Magic Numbers for Roles, Actions and Intents (readability)

In [2]:
ATTACKER = 0
DEFENDER = 1
HEALER = 2

ATTACK = 0
DEFEND = 1
HEAL = 2
NUM_ACTIONS = 3

ENEMY_NO_ATTACK_INTENT = 0
ENEMY_ATTACK_INTENT = 1

Define environment parameters
* Max Team HP (also assumed to be team init HP)
* Max Enemy HP (also assumed to be enemy init HP)
* Players and their stats
* Role assignment under consideration
* boss damage
* enemy's attack probability in a given round
* epsilon, randomness in action
* time horizon for Markov Game simulation

In [3]:
TeamMaxHP       = 10
EnemyMaxHP      = 10

player_stats    = jnp.array([
    [2,2,2],        # Player 1 stats: [Attack, Defense, Healing]
    [2,2,2],        # Player 2 stats: [Attack, Defense, Healing]
    [2,2,2],        # Player 3 stats: [Attack, Defense, Healing]
])

role_assignment = [ATTACKER, DEFENDER, HEALER]
boss_damage = 4
EnemyAttackProb = 1.0

EPSILON = 0.1       # action randomness
HORIZON = 10        # simulation steps

Markov Game Formalization of the Game

* $H_t \in \{0, ..., 10\}$,           team HP
* $H_e \in \{0, ..., 10\}$,           enemy HP
* $i \in \{0,1\}$,                    enemy's attacking intent at a given round (1 for "will attack", 0 otherwise).
* $S = i \times H_t \times H_e$,             all possible HP and intent combinations
* $A = Actions^3$, Actions = {Attack, Defend, Heal}
* $T: S \times A \rightarrow S$,             Transition function
* $R: S \rightarrow \mathbb{R}$,    State reward function, $100 \times (1 - T/H)$ for dead enemy, alive team. $T$ is the number of turns needed to beat the enemy; else, 0
* role-specific policies $\pi(a|s)$

State Creation

+ This creates a grid-world-esque setup, where the team "teleports" to different cells depending on team and enemy HPs

In [4]:
H = TeamMaxHP + 1  # All possible Team HP values
W = EnemyMaxHP + 1  # All possible Enemy HP values

# A flattened cuboid (len(Intent)(2) * H(11) * W(11))
# Or, two squares, one on top of another
# top one, S[0,:,:] has numbers corresp to 'no intent of attack' ~ [0,120] (in this example)
# bottom one, S[1,:,:] has the ones that indicate 'attack intent' ~ [121,241] (in this example)

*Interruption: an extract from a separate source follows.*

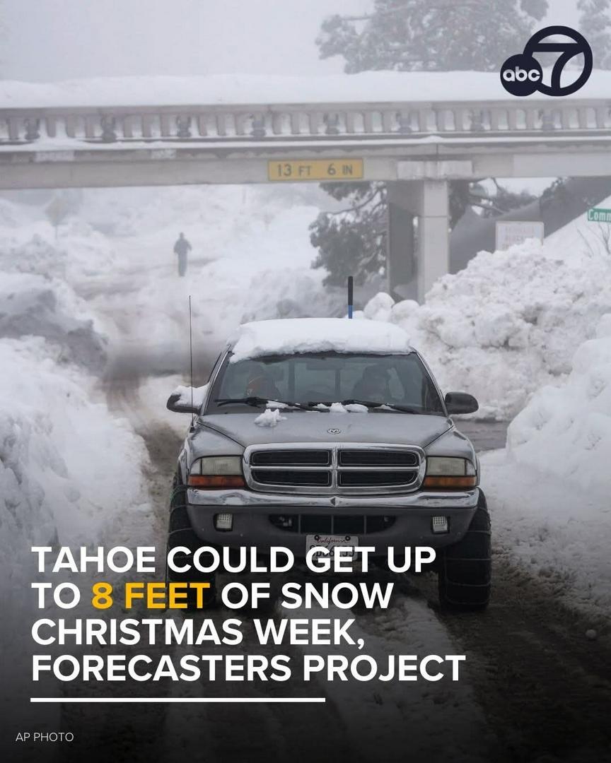 Kristy Tallman+FollowCALIFORNIA 🎄❄️ MAJOR SIERRA SNOWSTORM TO HIT CHRISTMAS EVE & DAY A Winter Storm Warning begins Tuesday night, with heavy Sierra snow creating major travel impacts through Christmas night. Snow ramps up Christmas Eve morning and doesn’t let up. Tahoe resorts above 6,500’ could see an incredible 4–8 FEET of new snow. Holiday travel will be rough. Powder lovers will be thrilled. Plan ahead, carry chains, and don’t underestimate this one. #SierraSnow #Tahoe #WinterStorm #ChristmasWeather #TravelAlert130Share

S               = jnp.arange(2 * H * W)
Action_profiles = jnp.array(list(product(range(NUM_ACTIONS), repeat=3)))  # All possible joint actions (3 players)
A               = jnp.arange(len(Action_profiles))                        # Action space (set of indices into Actions)

Role Policies

In [5]:
@jax.jit
def get_hp_and_intent_from_state(s):
    i = s // (H * W) # to which 'square' (see above) does s belong to?
    rem = s % (H * W)

    team_hp = rem // W
    enemy_hp = rem % W
    return team_hp, enemy_hp, i

@jax.jit
def fighter_policy(action):
    return jnp.where(
        action == ATTACK,
        1.0 - EPSILON,
        EPSILON / (NUM_ACTIONS - 1),
    )

@jax.jit
def defender_policy(action, intent):
    # If opponent intends to attack → defend
    # Else → attack
    preferred_action = jnp.where(
        intent == ENEMY_ATTACK_INTENT,
        DEFEND,
        ATTACK,
    )

    return jnp.where(
        action == preferred_action,
        1.0 - EPSILON,
        EPSILON / (NUM_ACTIONS - 1),
    )

@jax.jit
def healer_policy(action, team_hp):
    # If team HP is low → heal
    # Else → attack
    preferred_action = jnp.where(
        team_hp < (0.5 * TeamMaxHP),
        HEAL,
        ATTACK,
    )

    return jnp.where(
        action == preferred_action,
        1.0 - EPSILON,
        EPSILON / (NUM_ACTIONS - 1),
    )

@jax.jit
def choose_policy(role, action, intent, team_hp):
    return jnp.where(
        role == ATTACKER,
        fighter_policy(action),
        jnp.where(
            role == DEFENDER,
            defender_policy(action, intent),
            healer_policy(action, team_hp),
        ),
    )

@jax.jit
def action_profile_prob(s, a, r0, r1, r2):
    team_hp, _, intent = get_hp_and_intent_from_state(s)
    a = Action_profiles[a]  # decode joint action
    prob = jnp.ones(3)
    prob = prob.at[0].set(choose_policy(r0, a[0], intent, team_hp))
    prob = prob.at[1].set(choose_policy(r1, a[1], intent, team_hp))
    prob = prob.at[2].set(choose_policy(r2, a[2], intent, team_hp))
    prob = jnp.prod(prob)
    return prob

Transition Function

+ helpers to convert state to actual HPs and back

In [6]:
@jax.jit
def T(s, a, s_, r0, r1, r2):
    """ Transition function T(s, a, s_) = P(s_ | s, a) """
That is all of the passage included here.